Il Pd prende a esempio i Ds del 2003? Allora Renzi sbaglia come D’Alema

30 Marzo 2016

Il Partito democratico invita all’astensione gli elettori sul referendum “No triv”. Meglio una gita fuori porta che recarsi alle urne, visto che per invitare ad “andare al mare” è un po’ presto con i seggi aperti il 17 aprile. E, per carità, si tratta di una posizione legittima. Ogni forza politica può scegliere una strategia. Esattamente come fecero i Ds nel 2003. E l’assonanza di posizioni astensionistiche fa quantomeno sorridere: i rottamatori giunti alla tolda di comando seguono lo stesso percorso dei rottamati.

Per metterla sul piano idealistico, il problema risiede in un principio che dovrebbe stare a cuore: sollecitare la partecipazione elettorale, stimolando il dibattito e spiegando la ragioni del “no” che pure sono fondate. La sensazione – nemmeno troppo celata – è che sia molto comodo giocare con il quorum per portare al fallimento la consultazione. Un modo per “vincere facile”, perché si parte con il vantaggio dell’astensione fisiologica. Una tecnica che non ha ideato di certo Matteo Renzi: la storia politica è piena di casi del genere. Ma che di questi tempi – con i cittadini sempre più distanti dal processo decisionale – potrebbe rappresentare un problema non secondario per la democrazia. Ancora di più se viene seguita da chi voleva rivoluzionare il modo di far politica.

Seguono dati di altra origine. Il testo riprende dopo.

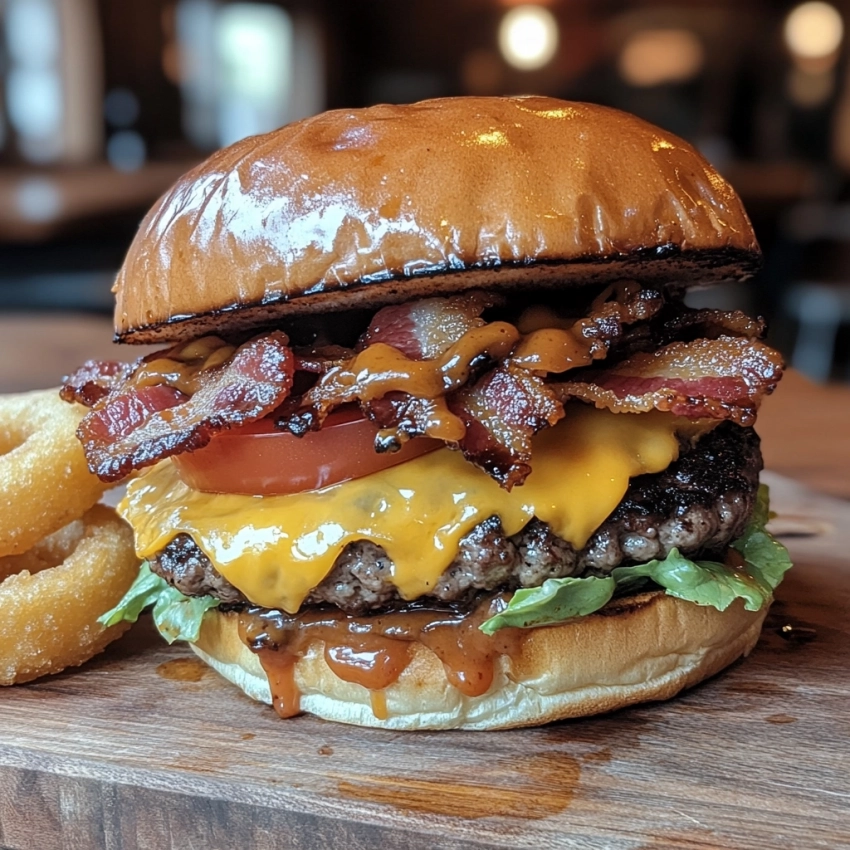 Rindfleisch-Patty, knuspriger Bacon, Cheddar-Käse, Röstzwiebeln, BBQ-Sauce, Salat

Al di là delle “quisquilie” sul funzionamento democratico, la battaglia interna al Pd si combatte a colpi di comunicazione e di dichiarazioni. Mentre Roberto Speranza invita i colleghi al confronto a pochi giorni dalla direzione nazionale, gli ultras di Matteo Renzi – sui social e non solo – deridono la sinistra dem, ricordando che nel 2003 il Ds fecero campagna per l’astensione al referendum sull’Articolo 18. E viene quindi rilanciato sui social il manifesto con lo slogan “Non”, che evidenziava come il “non voto” fosse un diritto di tutti. In questo caso l’ironia sulla coerenza di quel gruppo dirigente è scontata. Per la serie: non si capisce perché l’astensione sarebbe stata buona tredici anni fa mentre oggi è disdicevole. Tutto vero. D’altra parte è anche vero che nel caso specifico di Speranza a quell’epoca era poco più che 20enne. E magari non ha proprio grandi responsabilità su quel “non”, che va quindi messo nel conto di molti suoi attuali compagni di corrente partitica.

Non referendum

Ma il problema, a prescindere all’opinione sul referendum del 17 aprile, è un altro. Così facendo la segreteria dei rottamatori prende a modello la filosofia politica che fu di D’Alema&compagni. Né più né meno. Perché rievocare la campagna refendaria del 2003 sortisce di certo l’effetto di mostrare l’incongruenza degli allora vertici diessini. E l’obiettivo è sicuramente raggiunto. Ma, leggendo in filigrana la strategia, sembra proprio che l’attuale segreteria del Partito democratico segua la medesima logica. Che, detto per inciso, non è da rottamatori “rivoluzionari”. Se i Ds di allora sbagliarono, il Pd di oggi abbraccia l’errore. Moltiplicandolo.